Collected material ::
◆ ◆ ◆ ◆ ◆
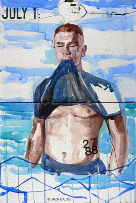 Current Paintings: 2024 -- 2025 SEEKING QUESTIONS TO LIFE'S BIG ANSWERS The figure has taken center stage since the early 2000's, and there are perhaps four different levels on which one can consider the work: 1) on the beauty level, by which I mean the combination of painting media (watercolor, oil, ink) and styles (abstraction, representation) in a complementary tension that augments the imagery involved; 2) on a political level, in that my goal with the guys who dominate the images and constitute my muse is to populate an art world with them-- an art world where the female image, nude or otherwise, is about as normal as a burger and fries, while the male image continues to be considered, by some, suspect, and is thus in short supply; 3) on the textual level, presenting titles that can be read in varying ways and short stories that are written before or after the images come along, but in any case are springboards for the reader's imagination; and 4) on the transcendent level, an attempt to depict a thoughtful, if not vulnerable, Everyman, reaching beyond the fleeting surface idealization associated with youth and hopefully going far in terms of metaphor, poking around such timeless ideas as: truth, beauty, faith, time, the infinite, what we learn and what we know. It may seem questionable indeed these days to even concern myself with such unanswerables, but in an era when political and spiritual leaders assert that they in fact have the answers for us all, I think that art has the capacity to imagine otherwise, to offer some transcendent spark to bridge the gap between intent and form, between idea and the evidence of our lives. Muse indeed. Note: At times my focus is on paper works in series, for instance the MUSE/MUSEUM watercolors and TATTOO DETOUR drawings from Honolulu. Therefore, select images from these series have been incorporated onto this page along with the "usual" canvases. More images from these series can be found on their dedicated pages. Note 2: As of December, 2022, I am including a few PHOTOGRAPHS in the mix, to contextualize the paintings within my "usual" realm of visual interests. |
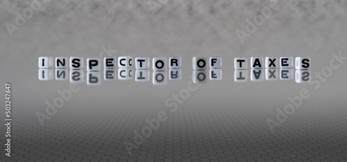 inspector of taxes word or concept represented by black and white letter cubes on a grey horizon background stretching to infinity
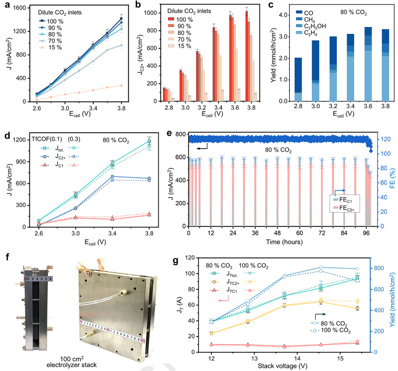 针对上述难题,浙江万里学院碳中和研究院团队提出了一种通过构建局部质量传输通道来实现稀释CO₂高效转化的方法。通过在单原子掺杂的Cu2O(In₁@Cu2O)上构建COF(共价有机框架)层,实现了CO2的集中和转化过程的耦合。其中,三氟甲基功能化的COF(TfCOF)发挥了至关重要的作用,它作为局部通道,极大地促进了CO2/CO的局部质量传输。与此同时,In1@Cu2O能够增强对*COOH的吸附,为C2+产物的生成提供了更有利的条件。通过这一创新设计,研究团队成功实现了在工业相关条件下,将稀释的CO2高效转化为高附加值的C2+产物。
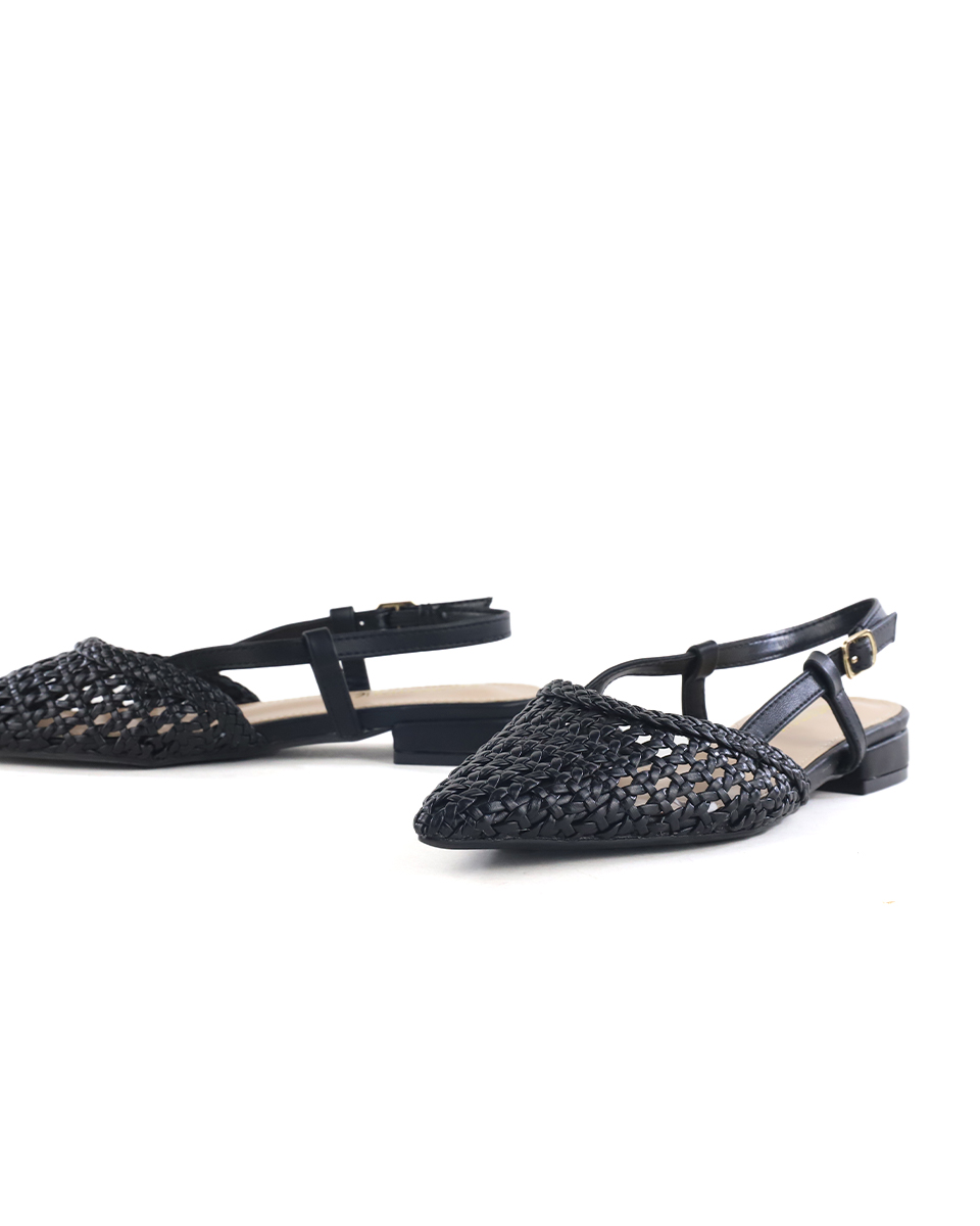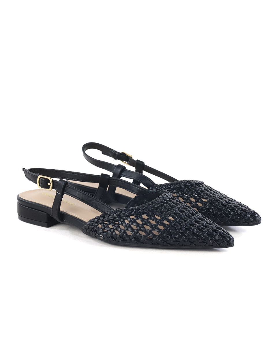 Γοβάκια Slingback Μυτερά με Πλεκτό Σχέδιο – Μαύρο
◆ ◆ ◆ ◆ ◆
Set down exactly the lines between the one with "inspector of taxes" and the last line of the material above, both included, but none of the pictures.

 inspector of taxes word or concept represented by black and white letter cubes on a grey horizon background stretching to infinity
 针对上述难题,浙江万里学院碳中和研究院团队提出了一种通过构建局部质量传输通道来实现稀释CO₂高效转化的方法。通过在单原子掺杂的Cu2O(In₁@Cu2O)上构建COF(共价有机框架)层,实现了CO2的集中和转化过程的耦合。其中,三氟甲基功能化的COF(TfCOF)发挥了至关重要的作用,它作为局部通道,极大地促进了CO2/CO的局部质量传输。与此同时,In1@Cu2O能够增强对*COOH的吸附,为C2+产物的生成提供了更有利的条件。通过这一创新设计,研究团队成功实现了在工业相关条件下,将稀释的CO2高效转化为高附加值的C2+产物。
 Γοβάκια Slingback Μυτερά με Πλεκτό Σχέδιο – Μαύρο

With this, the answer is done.